Most frequently, they described substance use as a low priority in their clinical settings.
“On my rotation, I felt like a lot of physicians or practitioners relied on clinical [urine] testing or that addiction was just not their primary concern. Or sometimes it was just kind of acceptance of the patient’s addiction and just looking at their other issues.”
“When I’m practicing alone I might be more likely [to recognize risky substance use] because I’m not afraid to talk about it. In a situation when I’m being graded, let’s say I ask the first five patients I see about alcohol or drugs, and my attending doesn’t like it, that would be a hard spot to be in.”

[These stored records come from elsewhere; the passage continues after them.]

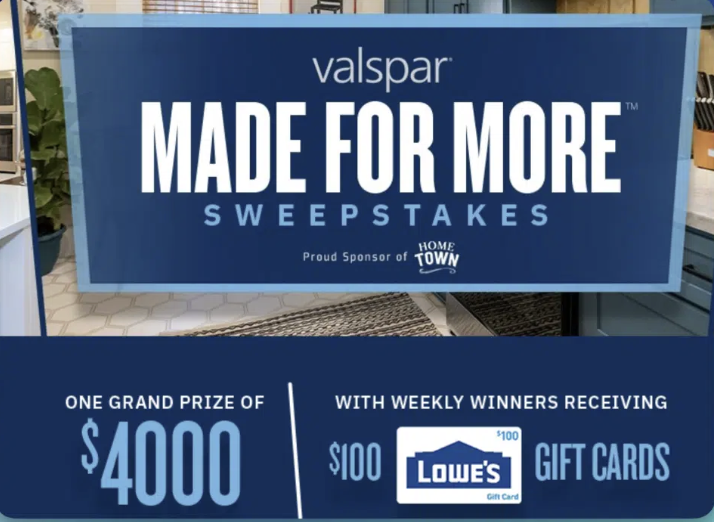 Enter the HGTV Valspar “Made For More” Sweepstakes, giving away 10 total prizes including a $4,000 grand prize!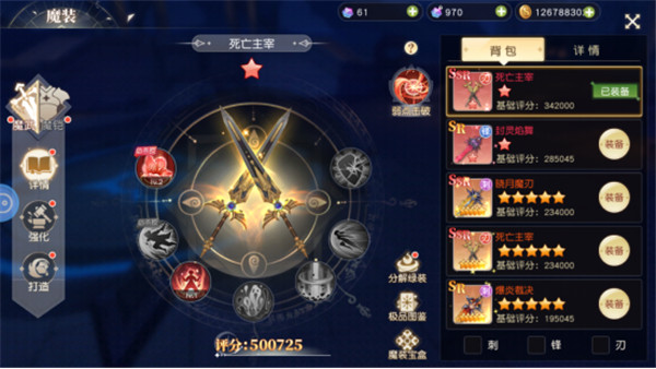 魔装宝盒里可获取大量的魔装,魔装等级分为N、R NR、SSR。通过对消耗低品魔装可打造为高等级的魔装。
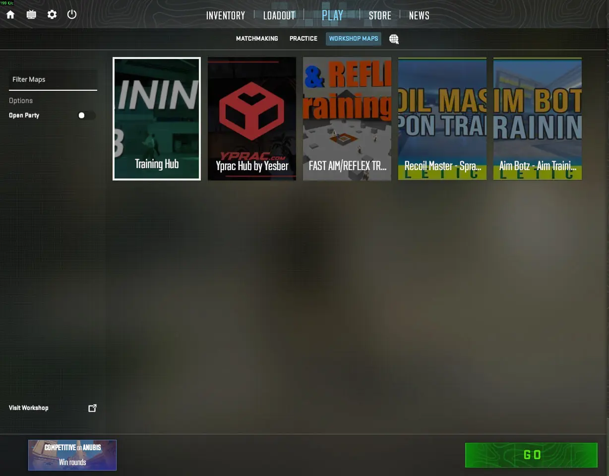 Étape 4 : Lancez CS2 → Jouer → Cartes Workshop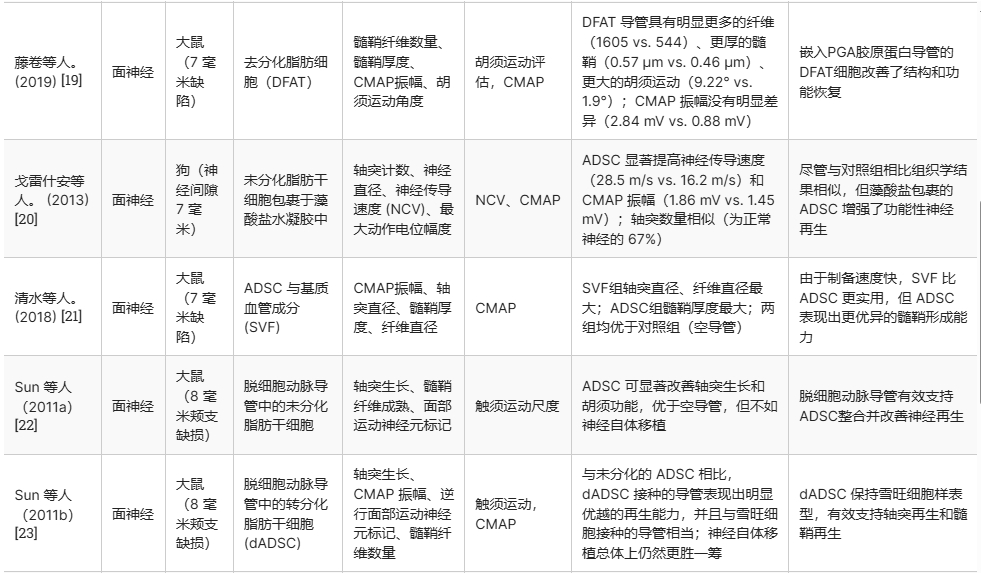 通過分析12篇相關(guān)研究(盡管主要為動(dòng)物實(shí)驗(yàn)),發(fā)現(xiàn)無論是ADSC還是dADSC治療,均顯示出改善神經(jīng)再生、促進(jìn)髓鞘形成、恢復(fù)肌肉神經(jīng)支配以及增強(qiáng)腦神經(jīng)功能的潛力。這些初步結(jié)果表明,ADSC在腦神經(jīng)損傷修復(fù)中可能扮演著重要角色。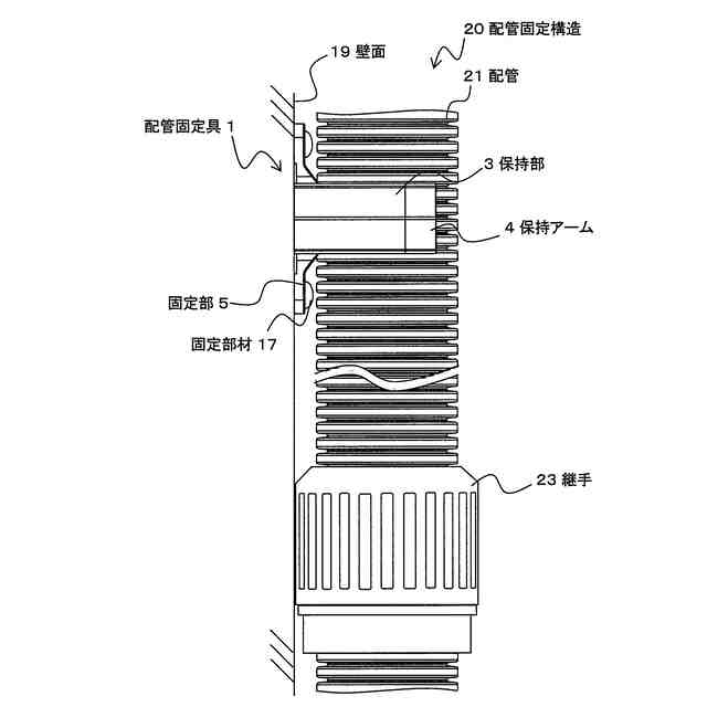 【解決手段】 配管固定具1は、例えば樹脂等で一体で構成され、保持部3、固定部5等から構成される。保持部3は、配管を保持する部位であり、上方の中央部に開口部7を有し、対向して配置される一対の保持アーム4からなるクリップ形状である。固定部5は、保持部3を設置対象に固定する部位である。一対の固定部5は、保持部3に対して、保持される配管の軸方向にそれぞれ突出するように配置される。保持部3に配管が保持された際に、配管によって、固定部5が隠れるように配管を保持することができる。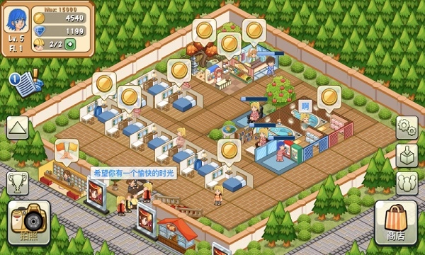 1、游戏操作跟其他模拟经营类游戏差不多,刚进入游戏也会有贴心的操作引导。NPC苏菲亚会带领玩家以详细的步骤操作和明确的箭头及文字说明,来了解游戏的操作方式,玩家一开始不知道该怎么做时,只要跟着教学任务慢慢从基础打造就可以了。玩家在游戏中只要点击屏幕相应的地方就会触发相应的功能。如果你点击游客或者房间上面的符号也会触发各种各样的事件,对度假村进行升级,扩大土地面积,置办房间装扮度假村,一切都十分简单明了。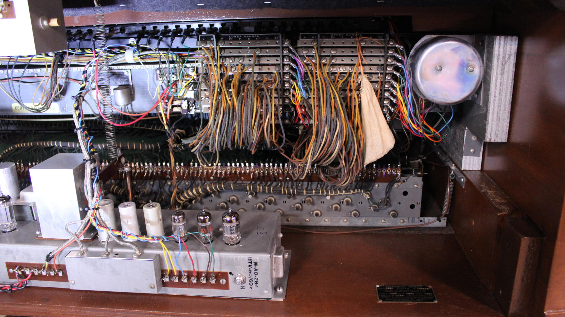 615 is a beautifully restored 1952 Hammond B2 that has been professionally converted to full B3 specifications. Finished in rich walnut, this vintage instrument combines early 1950s craftsmanship with the legendary performance features of the Hammond B3, the gold standard for gospel, jazz, and soul musicians.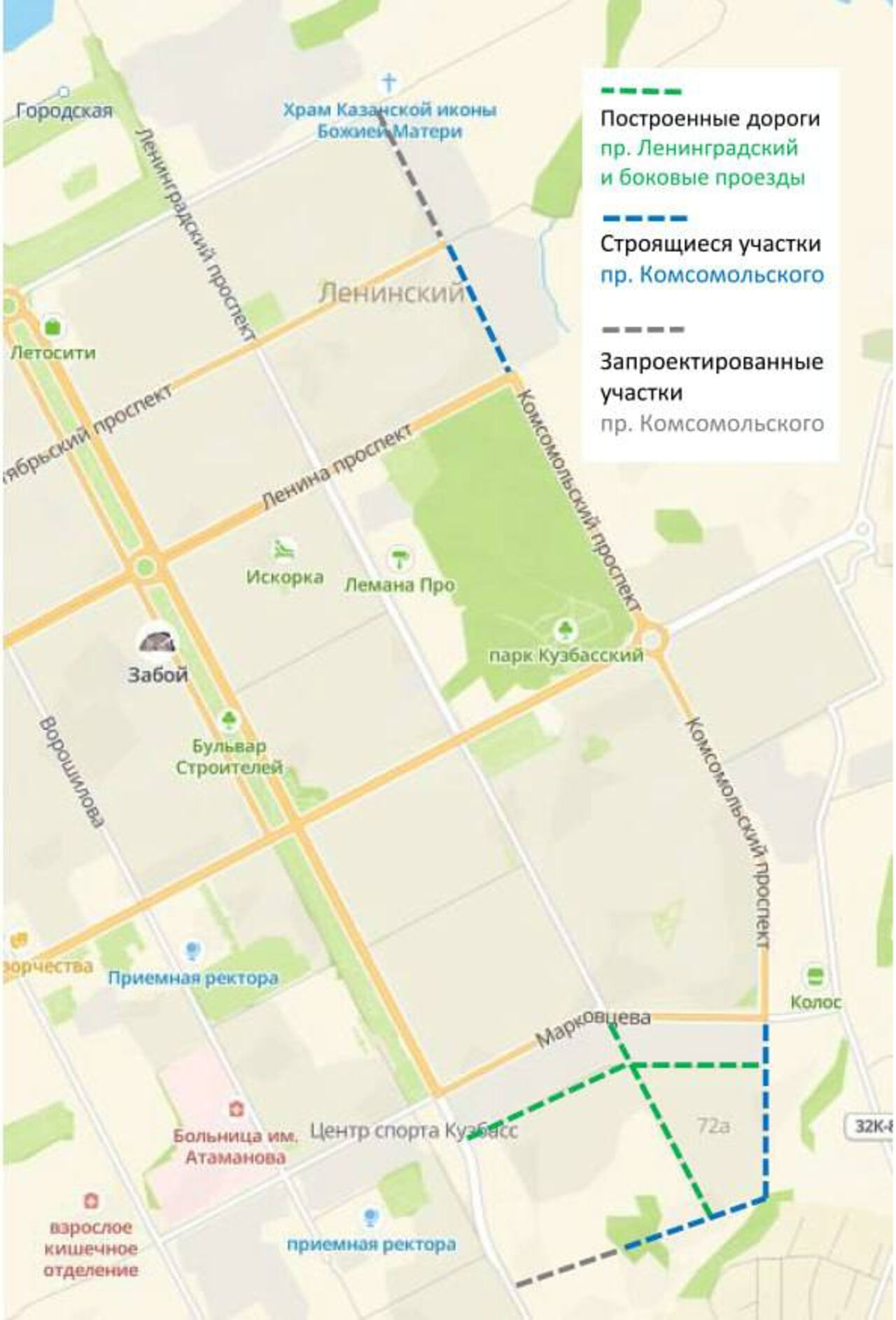 Сам Комсомольский проспект в этой части города только начинает формироваться. В настоящее время ведутся работы на отрезке между Ленинградским проспектом и бульваром Строителей. Эта дорога станет восточным обходом для новых жилых микрорайонов №72 и 72а.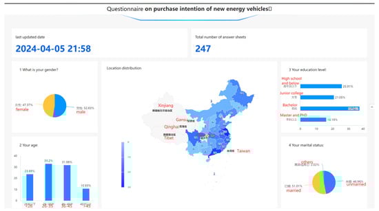 This questionnaire is divided into two parts. The first part is the basic information of the respondents, and the second part is a survey of the factors that influence the respondents to purchase new energy vehicles. The scope of this survey covers Beijing, Shanghai, Jiangsu Province, and other regions in China, and a total of 265 questionnaires were collected. In order to ensure the validity of the questionnaire, this article eliminated questionnaires with incomplete answers and obvious logical errors and retained 247 valid questionnaires. The detailed results of the questionnaire are shown in Table S1.
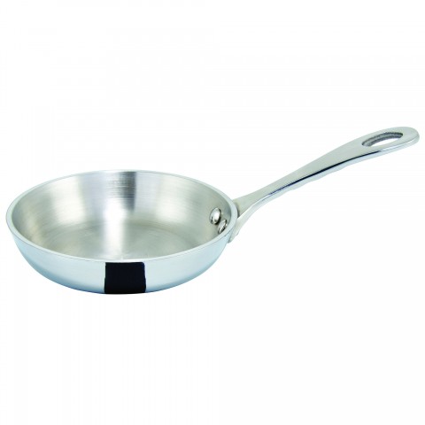 Mini Fry Pan, 5 oz., 4" dia., round, with riveted handle, induction ready, tri-ply heavy duty bottom with aluminum core, 18/8 stainless steel (Qty Break = 6 each)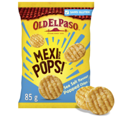 Découvrez les incontournables Mexi Pops Sel de Mer Old El Paso™ 85g, des chips soufflées délicieusement croustillantes, au goût légèrement salé. Ensoleillez vos apéritifs et dégustez en famille ou entre amis vos Mexi Pops Sel de Mer avec la délicieuse Sauce Salsa Dip douce Old El Paso™ ou le Guacamole Old El Paso™ et n'oubliez pas, Vendredi c'est Fajitas Party !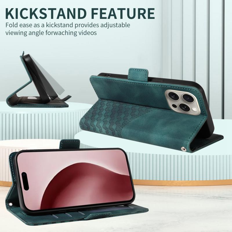 For iPhone 16 Pro Embossed Rhombus Starry Leather Phone Case(Green)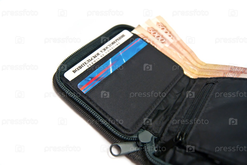Водительское удостоверение и деньги в бумажнике на белом фоне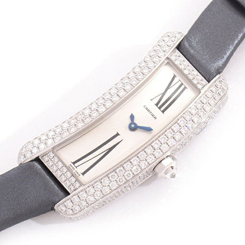 Gebrauchte Cartier Damenuhr Tank Americaine SM Echter Diamant Batteriebetrieben Weißgold 750WG Elfenbein Zifferblatt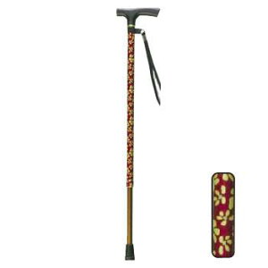 【特長】・折りたたみ可能で保管も持ち運びにも便利です。・ボタンで伸縮します。・杖の絵柄に未発表の京友禅をほどこし、切れ目がないよう工夫しました。・カラフルではげにくいアルトマイト塗装を採用、キズがつきにくいのが特徴で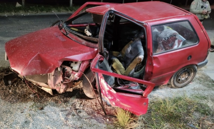 Fiat Uno ficou praticamente destruído - Fotos: PMRv/Divulgação Uma ultrapassagem mal calculada na noite do último sábado, 12 de julho, resultou na morte de um homem de 36 anos na SC-390, em Pedras Grandes.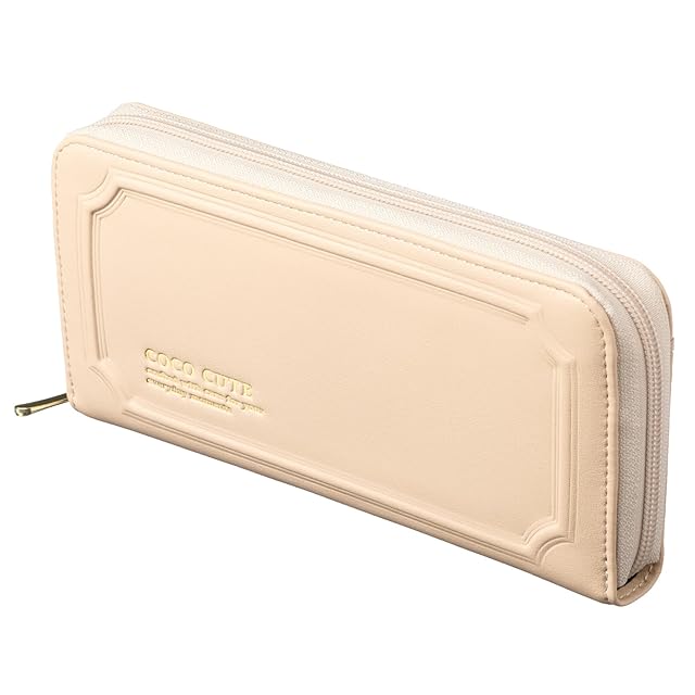 《新品未開封》[COCO CUTE] レディース フレーム 長財布 使いやすい ラウンドファスナー 大容量 小銭入れ付き プレゼント オリジナル ギフト 箱入り Beige (ベージュ)

These results came as no surprise. They gibe with our work teaching Screening, Brief Intervention, and Referral to Treatment (SBIRT) to nursing and social work students. In a nutshell: what students learn in school often isn’t supported in their clinical placements and in their professional lives. For that reason, we incorporate training for field placement supervisors as well as students, whenever possible.
“Each One Teach One”
At the end of each session, IRETA staff always share an African American proverb with the students: Each one teach one. It’s an idea born during slavery, when black Americans were denied an education, and any slave who learned to read had a responsibility to share this essential knowledge with someone else.
Similarly, the students who undergo IRETA’s addiction training program are equipped with unique knowledge about substance use disorders. Not only that, the data show that they have a heightened sense of responsibility and motivation to help patients affected by addiction. Knowledge + responsibility + motivation adds up to effective advocacy.
Although at times their working environments may be hostile or indifferent toward addiction, we know that former Scaife students are becoming physicians who send new messages–in words and in actions–about the care that people with substance use disorders should receive.